PhD Preliminary Oral Exam: Lichuan Deng
Improving Binary Decision Diagrams for Symbolic Analysis of Discrete State Systems
State space exploration is a fundamental step in the formal verification of discrete state systems. However, the exponential growth of the state space—known as the state space explosion—poses a longstanding challenge. Binary Decision Diagrams (BDDs) have proven effective in mitigating this issue across various industrial applications, including VLSI design and the verification of circuits and protocols.
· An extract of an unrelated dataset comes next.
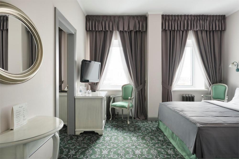 1 комната, кровать queen size 180x200 с ортопедическим матрасом, плазменная TV-панель, спутниковое телевидение, интернет W-Fi, телефон, индивидуальный сейф, набор для приготовления чая и кофе, бутилированная вода. Ванная комната оснащена стандартной ванной, феном, подогреваемым полом, сушилкой, полотенцами, халат, тапочки, набором ванных и косметических принадлежностей,бритвенный набор-по запросу. Салфетка для обуви, лопатка для обуви. Швейный набор, ватные палочки, расческа в тумбочке под телефоном.
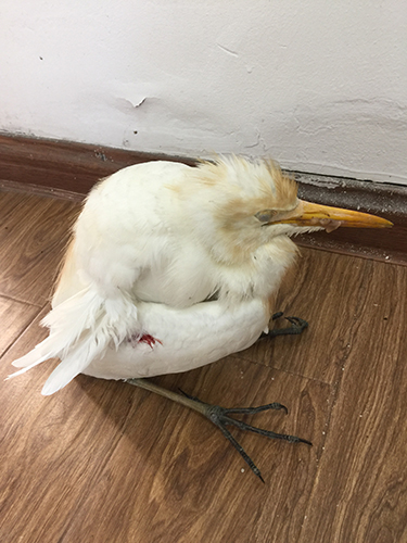 圖為受傷的牛背鷺 走近細看,這只鳥耷拉著腦袋,有著圓滾滾的小身子,尖尖的嘴巴和細長的腿,不同于平常所見的鳥類,其左側(cè)翅膀還有紅紅的血印子,估計是被人射獵受傷。 后經(jīng)百度查詢,臺州市林業(yè)專業(yè)人員鑒定確認,此鳥為省級保護鳥類牛背鷺。專業(yè)人員欣慰地說,幸好隧道所人員及時救助,否則這只鳥鷹會有生命危險。它的翅膀受傷嚴重,這是奮力飛行一段時間后因受傷而掉落,已經(jīng)沒有了捕殺能力。

Among the canonical BDD variants, reduced ordered BDDs (FBDDs) and zero-suppressed BDDs (ZBDDs) are widely used. Each offers unique advantages depending on the structure of the function being represented, though determining the optimal form in advance is often difficult. To address this, we first proposed Reduction-on-Edge Complement-and-Swap BDDs (RexBDDs), which combine key features of FBDDs and ZBDDs while introducing more edge-level abstractions. RexBDDs improve both the size and runtime performance of state space encoding. Building on this, we proposed Edge-Valued Modulo BDDs (EV%BDDs) to represent functions mapping states to quantitative values (e.g., distances) more compactly. We then introduced enhanced abstraction mechanisms into Binary Matrix Diagrams (BMxDs) to efficiently encode transition relations, leveraging saturation techniques for symbolic state space exploration. Finally, to optimize for scenarios involving extensive querying, we employed a heuristic-based method to concretize "undefined" BDD entries—those never queried—by assigning them appropriate values. This post-processing step yields further reductions in diagram size, supporting faster and more memory-efficient query evaluation.
Committee: Gianfranco Ciardo (co-major professor), Andrew Miner (co-major professor), Samik Basu, Nok Wongpiromsarn, and Myra Cohen.